+/** + * A structure describing the mapping of a source varying (output) register in + * a shader stage, to a destination varying (input) register in the following + * shader stage. + * + * This structure is provided as an array, and therefore the source register is + * named implicitly by its index in the array. + * + * This structure is used in struct vkd3d_shader_next_stage_info. + */ +struct vkd3d_shader_varying_map +{ + /** The index of the destination varying to map this register to. */ + unsigned int dst_index; + /** The mask consumed by the destination register. */ + unsigned int dst_mask; +};
How do we represent registers not read by the next stage? vkd3d_shader_build_varying_map() seems to suggest we should map them to a free register, but I'm not sure that's ideal. It also sets "dst_mask" to 0, which is perhaps easier to work with. (So far that and the FIXME also seem like the only usage of "dst_mask" though...) In any case, the API documentation here leaves it unspecified.
Can we split registers? E.g., map o0.xyz in the vertex shader to v0.x and v1.zw in the pixel shader. Is that something we need to be able to do?
+struct vkd3d_shader_next_stage_info +{ + /** Must be set to VKD3D_SHADER_STRUCTURE_TYPE_NEXT_STAGE_INFO. */ + enum vkd3d_shader_structure_type type; + /** Optional pointer to a structure containing further parameters. */ + const void *next; + + /** + * A mapping of output varying registers in this shader stage to input + * varying registers in the next shader stage. + * + * If absent, vkd3d-shader will map registers directly based on their + * register index. + * + * This field should be provied when compiling from legacy Direct3D + * bytecode. + */ + const struct vkd3d_shader_varying_map *varying_map;
"provided"
Is this strictly necessary for d3dbc shaders? I suppose "should" leaves the possibility of not providing it open, but remap_output_signature() seems to care less about it being absent than "should" may imply. Note also that shader model 1 and 2 d3dbc shaders have a natural mapping between vertex shader outputs and pixel shader inputs.
```diff + /** + * The number of registers provided in \ref varying_map. + */ + unsigned int varying_map_size; +}; ```
So, "register_count"? :)
+static inline int vkd3d_bit_scan(unsigned int *x) +{ + int bit_offset; +#ifdef HAVE_BUILTIN_FFS + bit_offset = __builtin_ffs(*x) - 1; +#else + for (bit_offset = 0; bit_offset < 32; bit_offset++) + if (*x & (1u << bit_offset)) break; +#endif + *x ^= 1u << bit_offset; + return bit_offset; +}
"x" should probably be a uint32_t, although I think there's also an argument for making it uintptr_t sized.

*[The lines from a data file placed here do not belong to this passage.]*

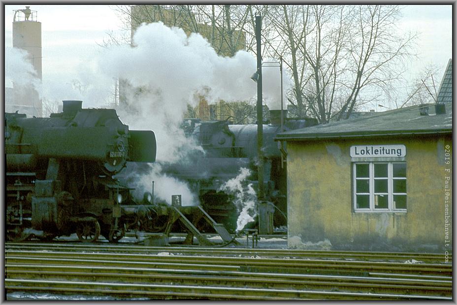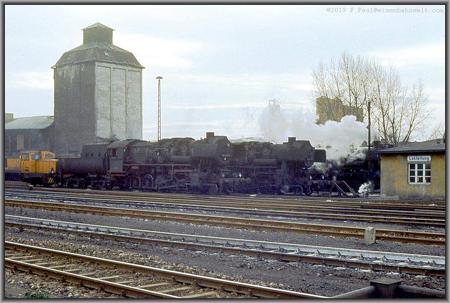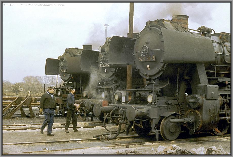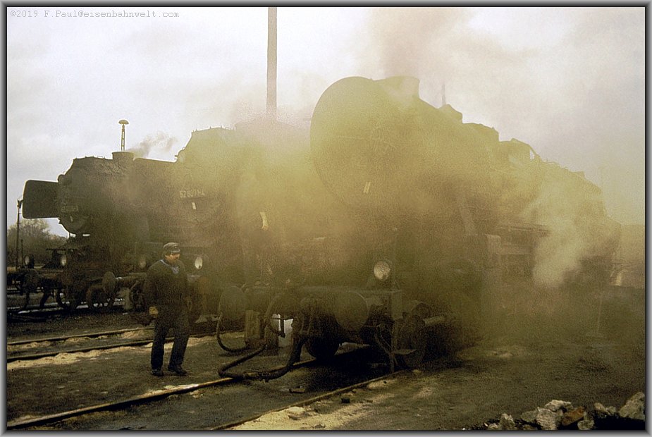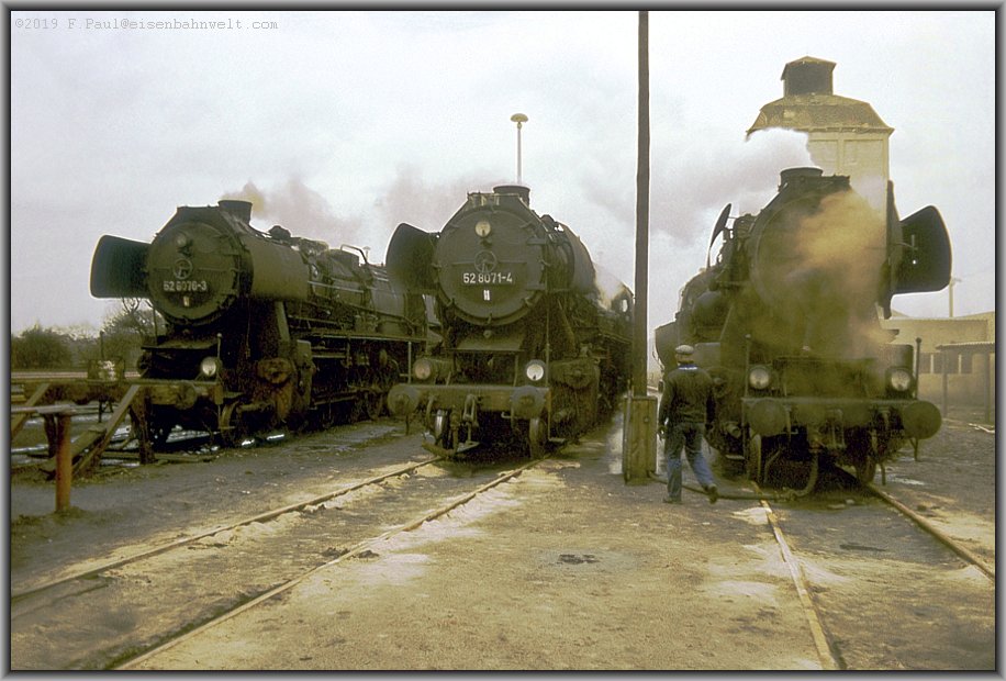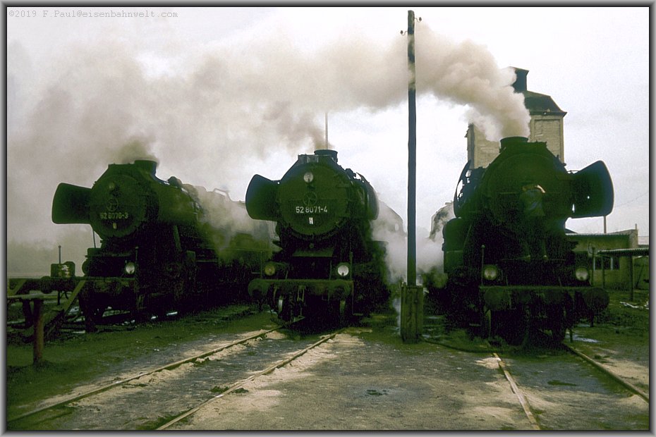 Die umfangreichen Bw-Anlagen nehme ich vorerst nur von der Bahnsteigseite in Augenschein: Zuvorderst qualmt da 52 8076 vor sich hin, unterstützt dahinter von 52 8071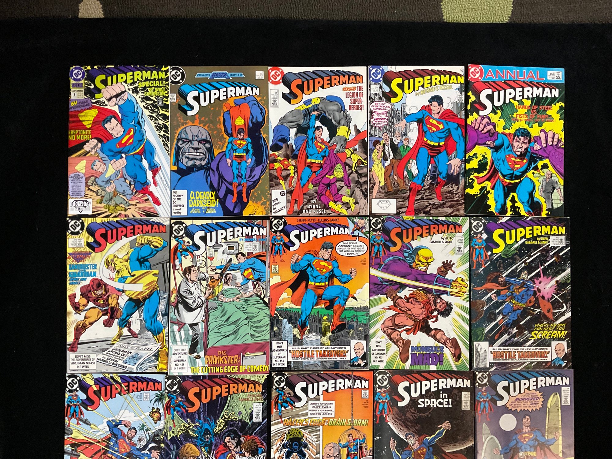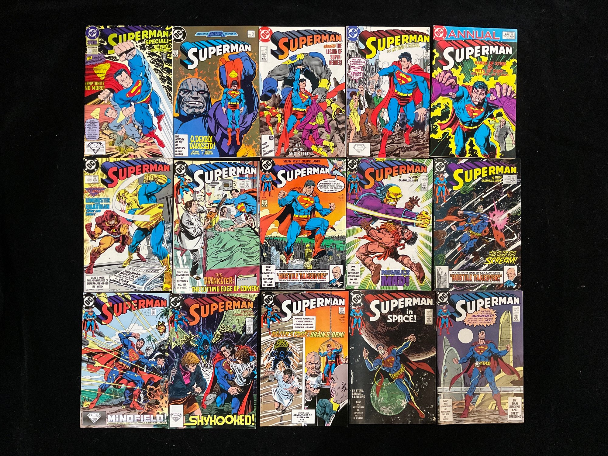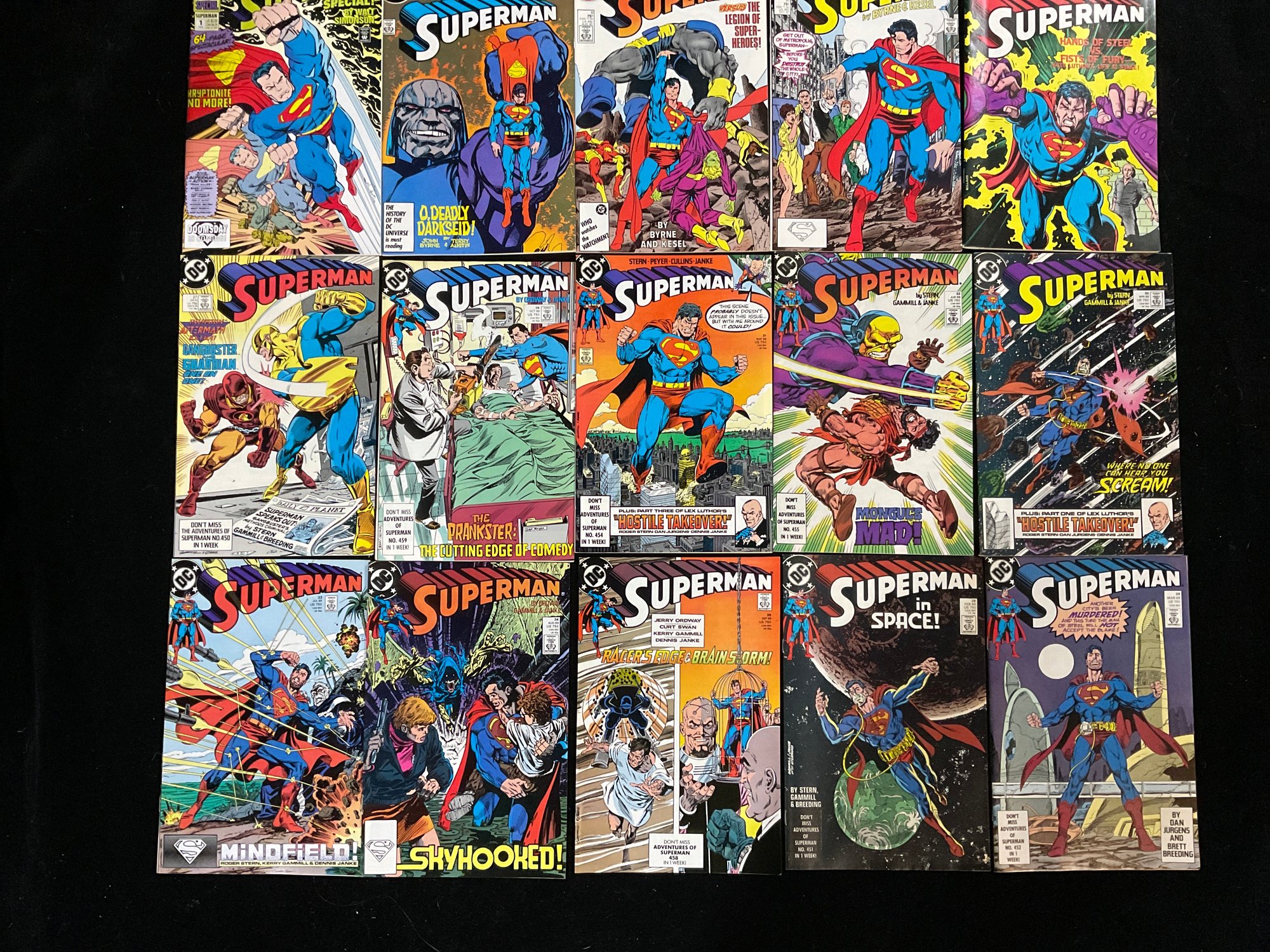Superman #1 (1987): The top-left comic is the first issue of the 1987 relaunch.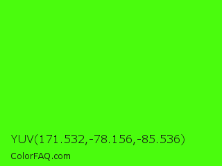 YUV 171.532,-78.156,-85.536 Color is a normal green color and the nearest color is Chlorophyll Green #4aff00. Hex code #4afc0d and RGB value is rgb(74,252,13). In RGB color space, this color is composed of 29% red, 99% green, 5% blue, In CMYK color space, this color is composed of 71% cyan, 0% magenta, 95% yellow , 1% black , In HSL color space, this color has a hue angle of 105° , 98% saturation and 52% lightness.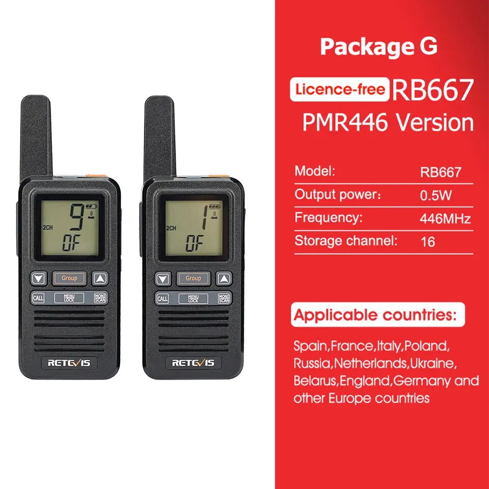 Купить Портативная рация Retevis RB667, 4 шт, 2 Pcs Package G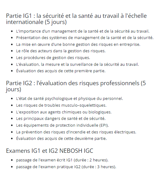 La certification NEBOSH International General Certificate in Occupational Health and Safety (IGC) est une qualification internationale de référence permettant d’acquérir des compétences solides en gestion de la santé et sécurité au travail. La formation couvre les principes de management HSE, l’identification des dangers, l’évaluation et la maîtrise des risques, ainsi que les bonnes pratiques internationales pour améliorer la performance sécurité au sein des organisations.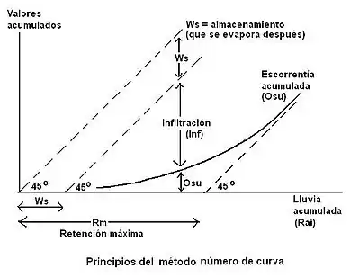 Normalmente se tiene que Ws = 0.2 Rm y el valor de Rm depende de las características del suelo. El método del Número de Curva provee cuadros para determinar esta relación.
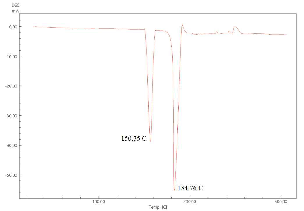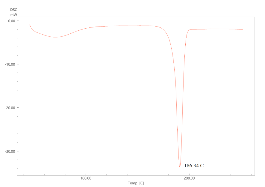 DSC analysis was used to compare the melting enthalpy, glass transition temperature, and interactions of the medication Ambrisentan (pure drug) with Excipients. The investigation was conducted with DSC Q1000 TA equipment. Approximately 2-5 mg of sample was put in standard aluminum pans and scanned from 5 °C to above its melting point at a rate of 10 °C/min with dry nitrogen (flow rate 50 ml/min) as the effluent gas [26].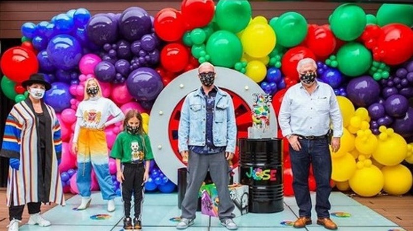 En compañía de su familia y amigos más cercanos celebró con tapabocas, máscaras, un enorme lisadero inflable, una gran mesa central llena de ponqués, pasabocas y champaña.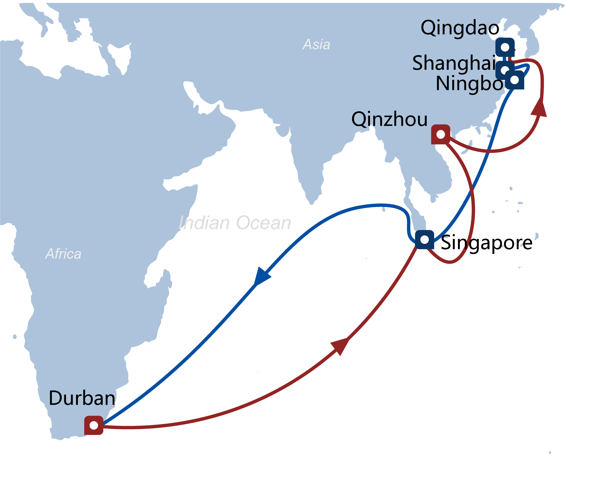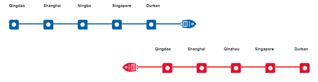 德班>>新加坡>>欽州>>上海>>青島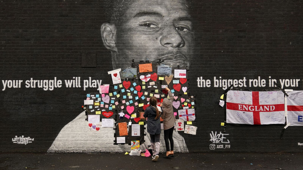 Помимо того, что на Рэшфорда обрушился поток расистских оскорблений, кто-то испортил изображение англичанина на стене здания в его родном пригороде Манчестера.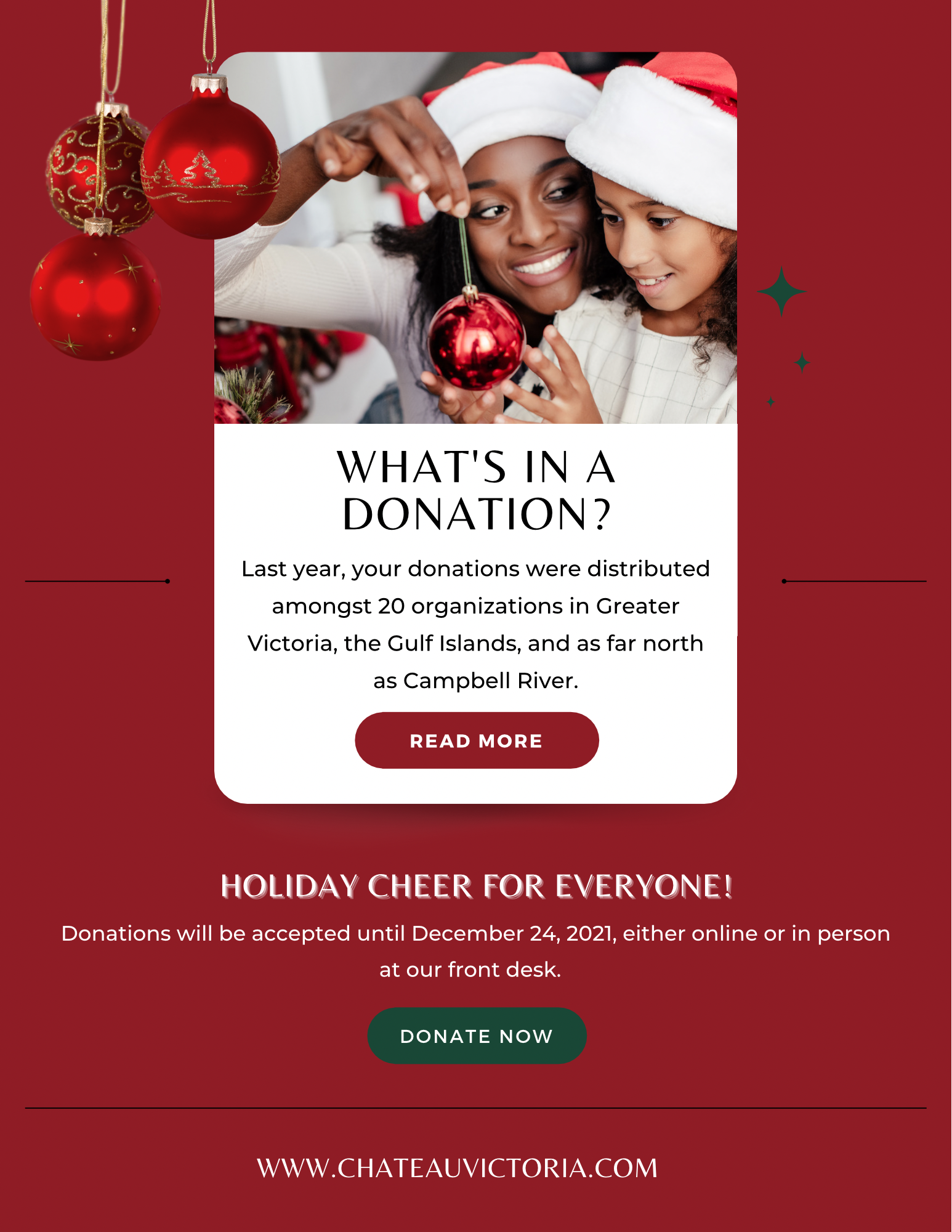 As Marketing Manager for Chateau Victoria Hotel & Suites, I oversaw brand communications across the hotel and its two on-site dining venues, Vista 18 and Clive’s Classic Lounge.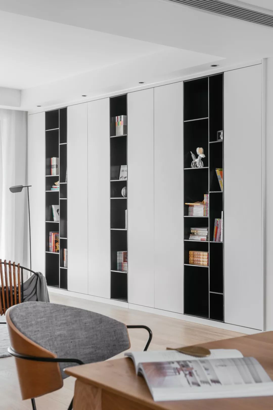 客厅里没有放电视,但依然设置了电视背景墙,沿着墙面打造顶天立地的大柜子,黑白搭配干净利落,黑色部分是不锈钢喷漆,整个柜子的收纳有藏有露,不会显得呆板无聊,也便于收纳整理。

I don't think we want the #else implementation; it seems preferable to #error out. On Windows we could potentially use _BitScanForward(), and POSIX provides ffs(), but even without either of those we could probably do better in plain C.
+ * This mapping should be constructed by vkd3d_shader_build_varying_map().
Should it? If we're going to prescribe that, we might as well just pass the nest stage input signature in struct vkd3d_shader_next_stage_info, and only provide a way to retrieve the output map used, whether that's vkd3d_shader_build_varying_map() or simply vkd3d_shader_scan().
+ * This function should be called twice: once, with an input count of zero, in + * order to retrieve the necessary size of the varyings map, and again, with an + * input count containing the actual number of varyings to retrieve. + * + * \remark In practice, since register indices are assigned (from scanning) + * according to the actual Direct3D register index, it is safe to assume that + * the highest register index for a legacy Direct3D shader is no higher than 11, + * and hence one may simply call this function with a pre-allocated array of 12 + * varyings.
It might be nice to guarantee an upper bound of output_signature->element_count. That might require representing "varyings" in a way that omits unused registers, but that might not be a bad thing.
Of course, an alternative way to avoid calling vkd3d_shader_build_varying_map() twice would be to have vkd3d_shader_build_varying_map() allocate the output map itself.